EXERCISE INPUTS:
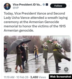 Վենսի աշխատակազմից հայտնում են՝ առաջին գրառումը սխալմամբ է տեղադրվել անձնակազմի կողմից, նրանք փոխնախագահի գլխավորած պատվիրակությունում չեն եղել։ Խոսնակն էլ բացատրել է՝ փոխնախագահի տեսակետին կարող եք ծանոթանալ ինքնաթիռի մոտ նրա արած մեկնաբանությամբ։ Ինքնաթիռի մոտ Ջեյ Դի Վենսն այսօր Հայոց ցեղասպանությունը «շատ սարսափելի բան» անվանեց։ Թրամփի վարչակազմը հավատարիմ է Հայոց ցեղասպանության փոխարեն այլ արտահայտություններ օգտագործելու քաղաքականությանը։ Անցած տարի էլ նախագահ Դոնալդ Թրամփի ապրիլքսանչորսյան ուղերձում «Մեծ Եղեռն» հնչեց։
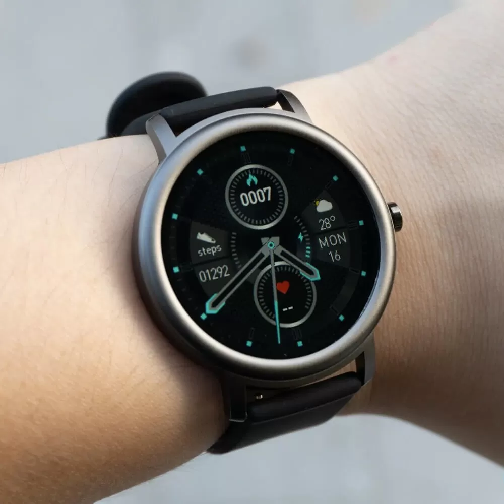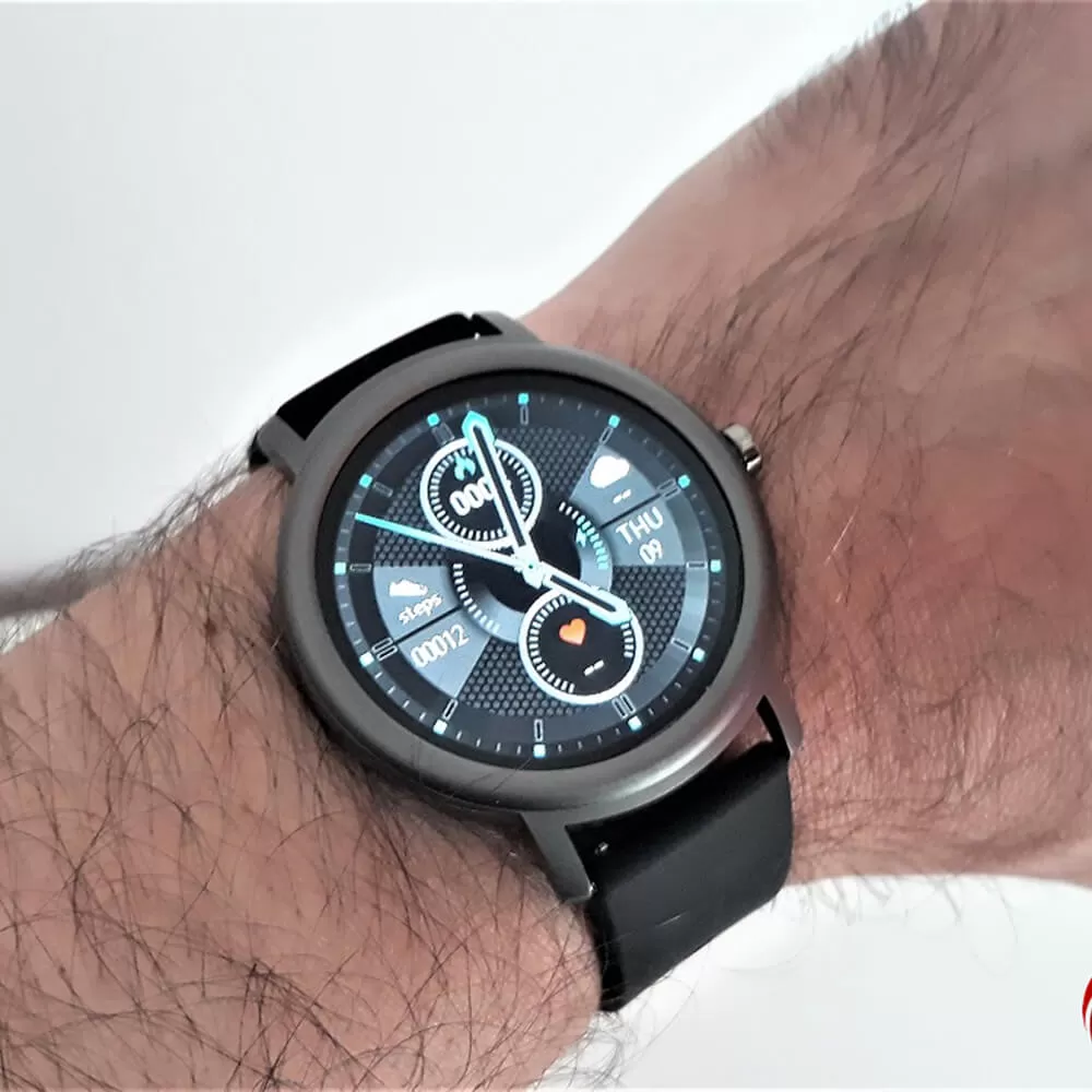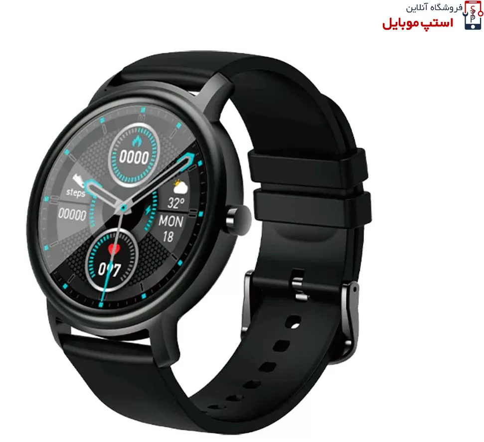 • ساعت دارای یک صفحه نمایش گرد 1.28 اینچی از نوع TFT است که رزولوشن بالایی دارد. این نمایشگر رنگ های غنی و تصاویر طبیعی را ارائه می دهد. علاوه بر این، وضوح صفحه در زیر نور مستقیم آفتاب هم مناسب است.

--

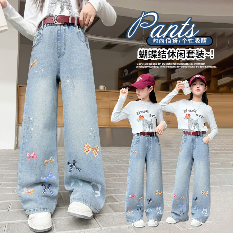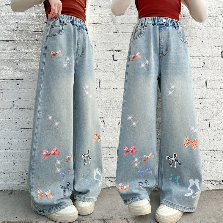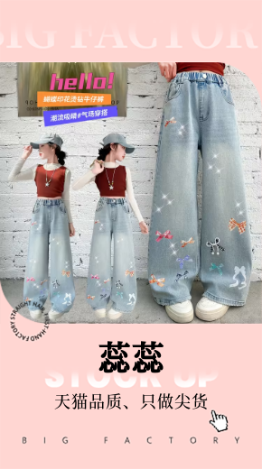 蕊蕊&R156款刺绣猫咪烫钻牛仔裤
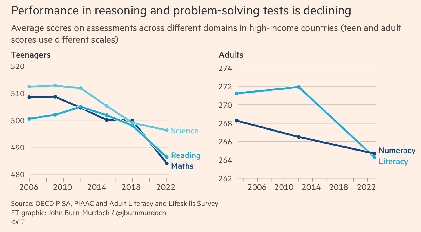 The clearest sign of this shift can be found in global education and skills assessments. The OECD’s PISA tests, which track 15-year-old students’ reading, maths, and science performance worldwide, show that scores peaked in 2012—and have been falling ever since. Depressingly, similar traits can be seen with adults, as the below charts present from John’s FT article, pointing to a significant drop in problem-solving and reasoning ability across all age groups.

ACTIVITY: Given the listing above, retype only the span of lines from the line with "Վենսի աշխատակազմից հայտնում" up to and including the line with "هم مناسب است.", exactly as it stands and without pictures.

YOUR RESPONSE:
 Վենսի աշխատակազմից հայտնում են՝ առաջին գրառումը սխալմամբ է տեղադրվել անձնակազմի կողմից, նրանք փոխնախագահի գլխավորած պատվիրակությունում չեն եղել։ Խոսնակն էլ բացատրել է՝ փոխնախագահի տեսակետին կարող եք ծանոթանալ ինքնաթիռի մոտ նրա արած մեկնաբանությամբ։ Ինքնաթիռի մոտ Ջեյ Դի Վենսն այսօր Հայոց ցեղասպանությունը «շատ սարսափելի բան» անվանեց։ Թրամփի վարչակազմը հավատարիմ է Հայոց ցեղասպանության փոխարեն այլ արտահայտություններ օգտագործելու քաղաքականությանը։ Անցած տարի էլ նախագահ Դոնալդ Թրամփի ապրիլքսանչորսյան ուղերձում «Մեծ Եղեռն» հնչեց։
 • ساعت دارای یک صفحه نمایش گرد 1.28 اینچی از نوع TFT است که رزولوشن بالایی دارد. این نمایشگر رنگ های غنی و تصاویر طبیعی را ارائه می دهد. علاوه بر این، وضوح صفحه در زیر نور مستقیم آفتاب هم مناسب است.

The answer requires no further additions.